Modi 1.0 highs, lows

  • 2014 Jan Dhan Yojana launched, focus on infrastructure
  • 2016 Demonetisation self-goal sees fall in GDP growth from 8 % to 7.1 %
  • 2019 Subdued domestic consumption and GST implementation blues push down GDP growth to 2013 levels

The transaction cost for the manufacturing sector was four times that of China and the knowledge-based workforce remained a far cry. It was easy to remove the regulatory cobwebs but the Modi government shelved the focus on elementary education, increasingly privatised health, and infrastructure remained a victim of state’s inadequacy in implementing large projects.
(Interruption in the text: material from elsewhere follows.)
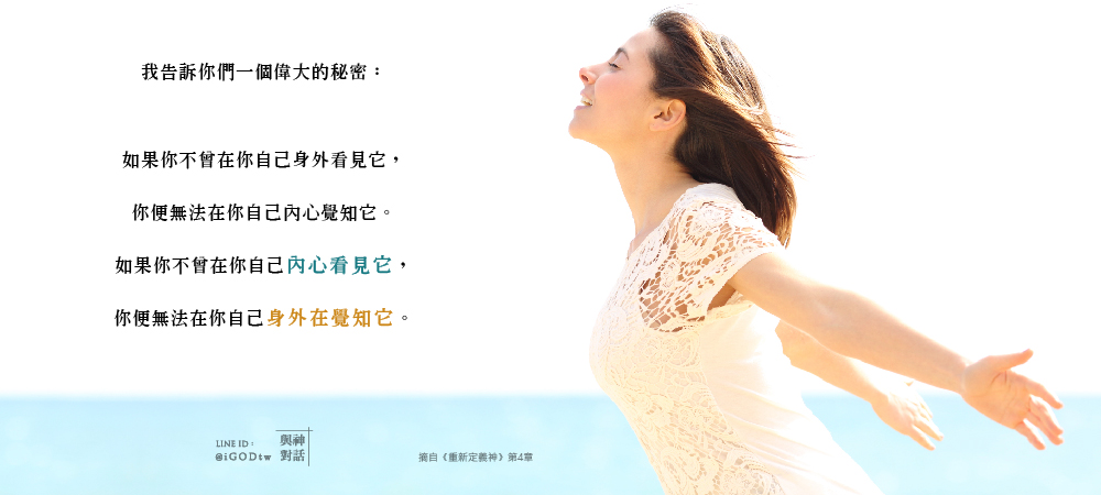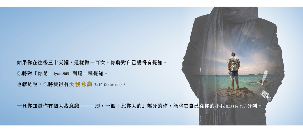 如果你在往後三十天裡,這樣做一百次,你將對自己變得有覺知。你也許不會對「你是誰」有個充分的理解,但你將對「你是」(you ARE)到達一種覺知。也就是說,你將變得有大我意識(Self Conscious)。

The Modi government inherited several liabilities. India’s GDP had quadrupled between 1991 and 2011 but the cost paid for a high fiscal deficit to fund government expenditure and social welfare programmes saddled it with tottering public sector banks, a high inflation rate and a time consuming bankruptcy process.

The need for a bank balance sheet clean-up, a simple GST and a simple Direct Tax Code was palpable. Banks remain in a fragile state despite being merged and recapitalised and GST has turned out to be cumbersome and convoluted. By the middle of Modi 1.0, demonetisation struck a deadly blow.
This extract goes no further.